Data provided Block Start
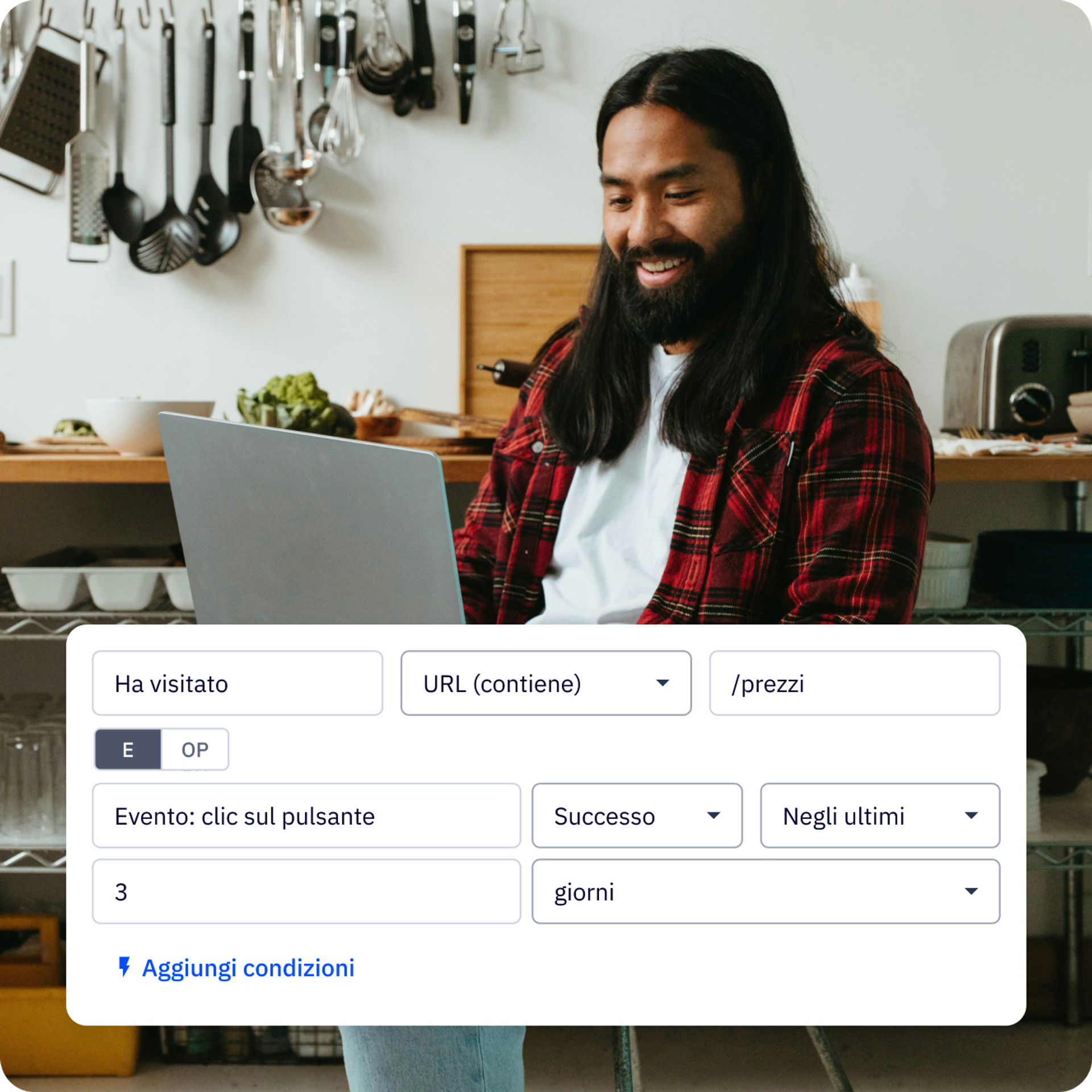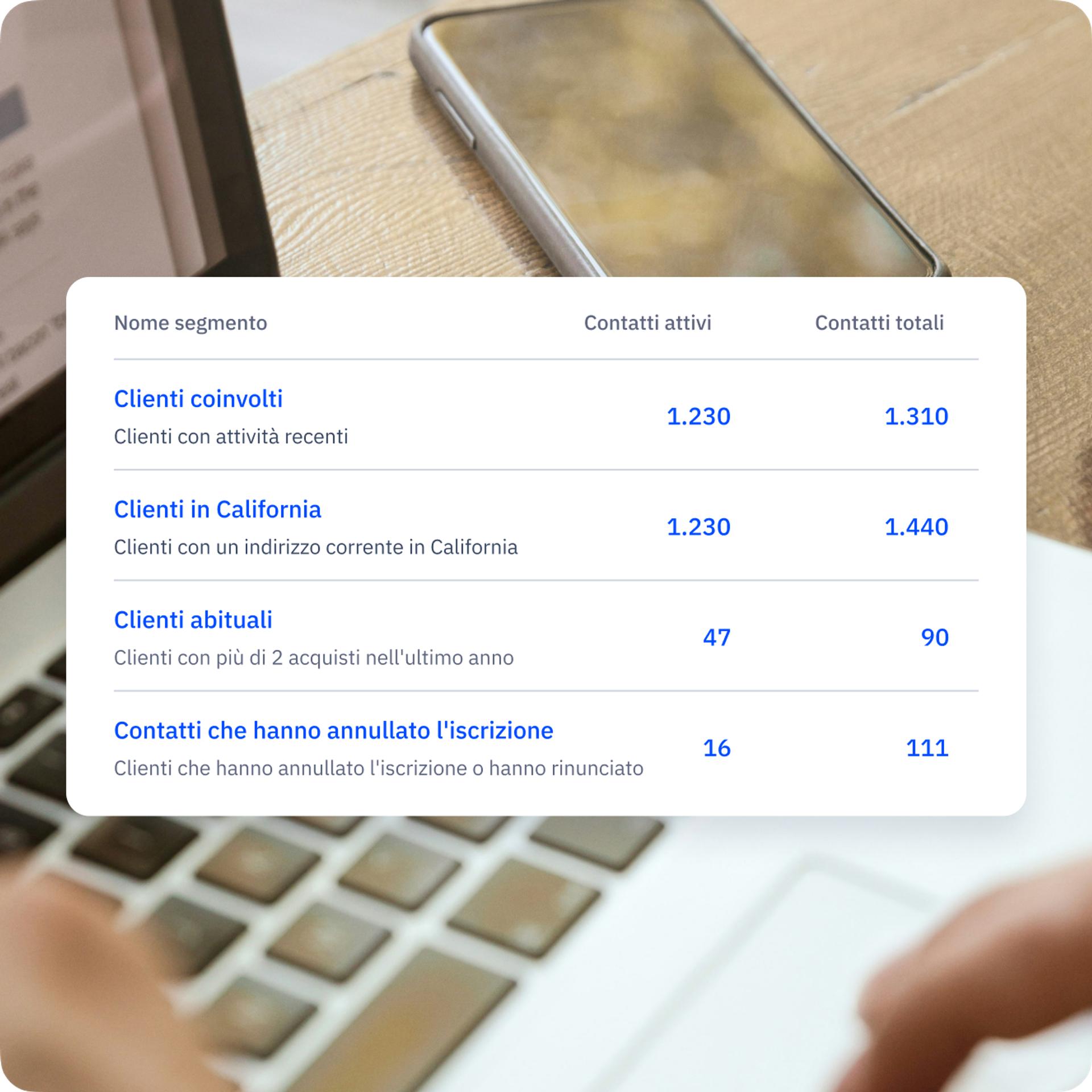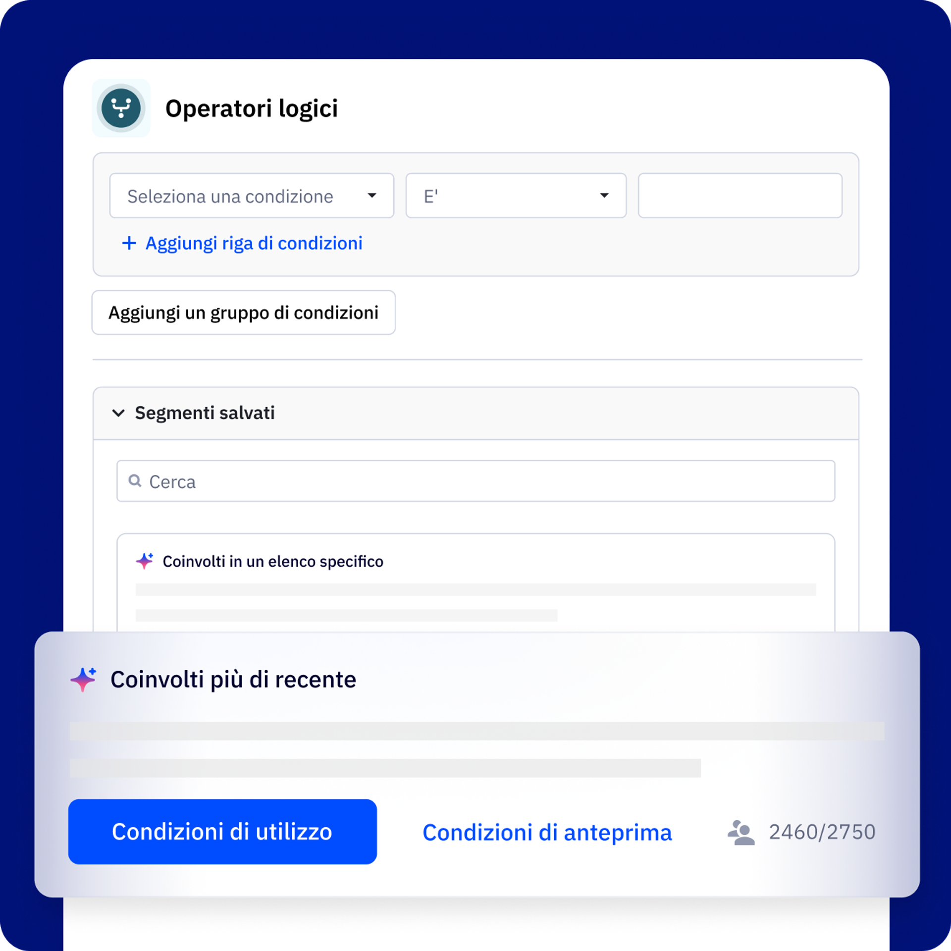 Salta il lavoro di back-end e passa direttamente a ciò che conta: campagne personalizzate che catturano l'attenzione e producono risultati. Individua i contatti pronti all'acquisto e quelli pronti a vivere esperienze più significative.
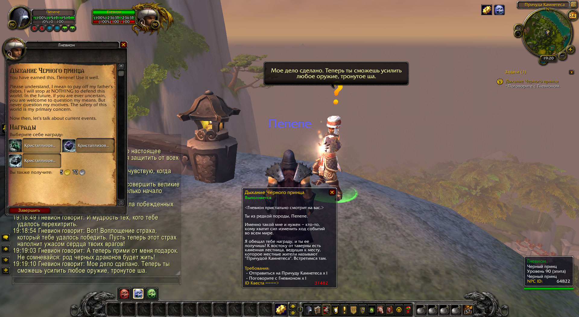 | Description | https://ru.wowhead.com/quest=31482/%D0%B4%D1%8B%D1%85%D0%B0%D0%BD%D0%B8%D0%B5-%D1%87%D0%B5%D1%80%D0%BD%D0%BE%D0%B3%D0%BE-%D0%BF%D1%80%D0%B8%D0%BD%D1%86%D0%B0 При сдаче https://ru.wowhead.com/npc=64822/%D0%B3%D0%BD%D0%B5%D0%B2%D0%B8%D0%BE%D0%BD квест не переведен | ||||
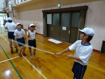 4時間目は,3〜6年のバラエティー走の練習をしました。馬跳びや台風の目・大縄跳びなど,楽しそうにやっていました。
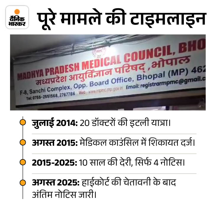 Foreign trip 10 years ago, till date only notice The roots of this entire matter are 10 years old. Vikas Tiwari, a whistleblower and social activist from Raipur, had filed a written complaint with the Madhya Pradesh Medical Council on August 28, 2015. In the complaint, he had claimed with evidence that a total of 28 private doctors from Madhya Pradesh and Chhattisgarh had gone on a trip to the beautiful cities of Venice and Portorož in Italy from July 13 to July 21, 2014.
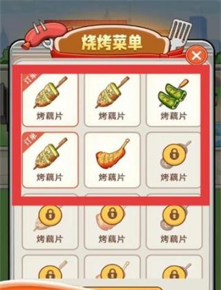 2、接单制作:查看“烧烤菜单”,依据订单需求,烤制对应菜品(如烤藕片)。
Data provided Block End
## Exercise instructions
Nothing but the lines from the line with "Foreign trip 10" through the last line of the listing should be copied, exactly and with both ends kept. Leave pictures out.

## Task answer
 Foreign trip 10 years ago, till date only notice The roots of this entire matter are 10 years old. Vikas Tiwari, a whistleblower and social activist from Raipur, had filed a written complaint with the Madhya Pradesh Medical Council on August 28, 2015. In the complaint, he had claimed with evidence that a total of 28 private doctors from Madhya Pradesh and Chhattisgarh had gone on a trip to the beautiful cities of Venice and Portorož in Italy from July 13 to July 21, 2014.
 2、接单制作:查看“烧烤菜单”,依据订单需求,烤制对应菜品(如烤藕片)。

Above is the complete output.